Девочка с глазами старухи

В книге содержатся упоминания нацизма, нацистской символики и нацистских преступлений. Указанные упоминания не предназначены для пропаганды идей нацизма и используются исключительно в художественных целях.

Глава первая. Звери в серо-зеленом

Жарким и душным было то лето. Раскаленное солнце сжигало траву, а голубизна неба была такой ослепительной, что от нее слезились глаза и болела голова. Все ждали дождя — сильного, буйного, способного оживить измученную, потрескавшуюся землю. Кто знал, что землю напоят слезы. И кровь…

Шелестели по нашему Тоболью шепотки. Жарко дышали соседки, передавая друг другу последние слухи. Слухи о немецкой косе, что безжалостно срубает леса, словно пышные хлеба, оставляя после себя черные пни и мертвую землю. Мрачно молчали мужики, словно уже слышали размеренный топот тяжелых сапог, пропитанных пылью и злостью. Лишь дети так и остались детьми. Бежали, смеясь, на озеро. Скотину гоняли хворостиной, чтобы в чащу не залезла. Сидели со стариками на завалинке и прислушивались к странным, непонятным словам. Дети… чье детство скоро оборвется так стремительно, что о нем никто из них больше не вспомнит.


— Эля! Поросятам дала?

— Да, баба!

— А птице воду натаскала?

— Ой. Забыла, ба.

Бабушкин голосок, тихий, скрипучий, но все равно твердый, вырывает из глупых мыслей, возвращая в родное Тоболье. Глухо кукарекает Гешка, наш петух. Он старый и глупый, но бабушка терпит его. Не кидает в суп, как остальную птицу. Вальяжно плетутся на водопой гуси, зарылись по самый пятачок в мокрую глину свиньи и мычит в стойле Звездочка — наша корова. Мычит лениво, изредка отмахиваясь хвостом от надоедливых мух и слепней, которым и жара-то нипочём.

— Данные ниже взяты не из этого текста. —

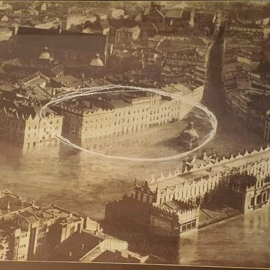 Look closely at this photo taken in 1813! In this photo we can see flooded city of Kraków, a southern Poland city near the border of the Czech Republic, but this flood is not an ordinary flood which can happen after a hurricane or a cyclone, but the flood shown in this photo is much, much bigger than that. Look at how the Main Square building encircled is sunken halfway in the water! The Dome in the middle is almost covered with water!
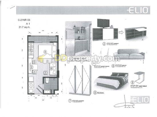 Elio Condo Sukhumvit 64 ห้องเฟอร์นิเจอร์ Size 22 sq m.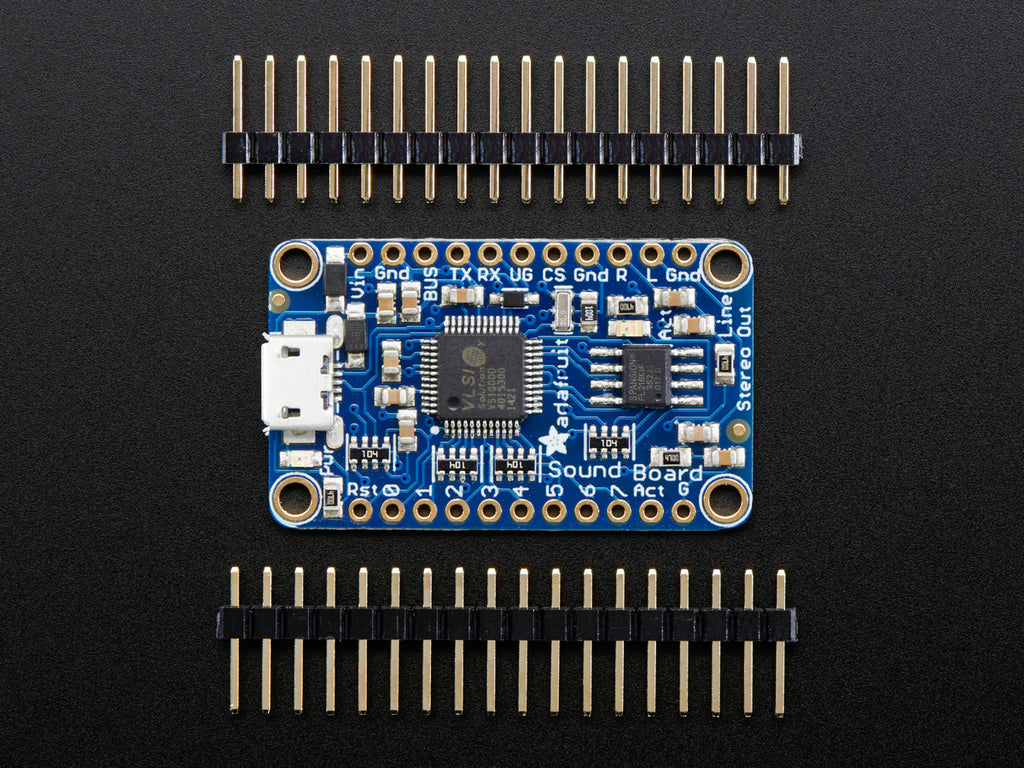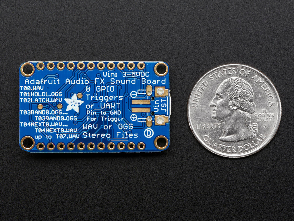 Don't get me wrong, I love the MP3 Music Maker shield and the Audio FX Sound Board + 2x2W Amp. And our Wave Shield is a dependable classic. But you either need an Arduino or they might be a little too big and powerful for your needs. So after a lot of engineering and tinkering we've come out with the Adafruit MINI Sound Board, the fastest way to add audio effects to a project, with a small footprint. We think this is the best sound board for props and costumes!

За сараем слышен стук топора. Папка дрова готовит. Скоро он разомлеет от жары, и бабушка понесет ему молока холодного, из погреба. Папка выпьет его, утрет усы, поплюет на мозолистые, но такие ласковые руки, и снова возьмется за топор.

В доме, в спасительной прохладе, дремлет мама. Вот жара спадет, и мама отправится в огород. Сорняки рвать, поливать, за землей родной ухаживать. А там и бабушка придет. И папка, как с дровами закончит… Жужжат в густом воздухе пчелы, гудят слепни, пахнет сладко цветами и травой. Лето, прекрасное лето. Которое оборвет трескучая очередь автоматчика в серо-зеленой форме.

Сложно забыть тот страшный день. День, от которого Тоболье так и не оправится. День, когда в деревню пришли немцы. Командовал ими улыбчивый, худощавый мужчина. Черные сапоги надраены кремом, серо-зеленая форма отглажена и сидит точно по фигуре, фуражка сдвинута на лоб, а серые глаза — влажные, добрые, затянутые задумчивым туманом — смотрят будто поверх голов куда-то вдаль.

Глаза солдат, которыми он командовал, были другими. Хищными, жадными, почти звериными. Пошла пятнами от сальных взглядов Оксанка, мельникова дочка, и нахмурился её жених Вася, положив широкую ладонь на отполированный черенок лопаты. Папка оттер меня в сторону, но я видела. Видела эти взгляды, видела, как тускло блестят стволы автоматов, пока еще направленных в землю.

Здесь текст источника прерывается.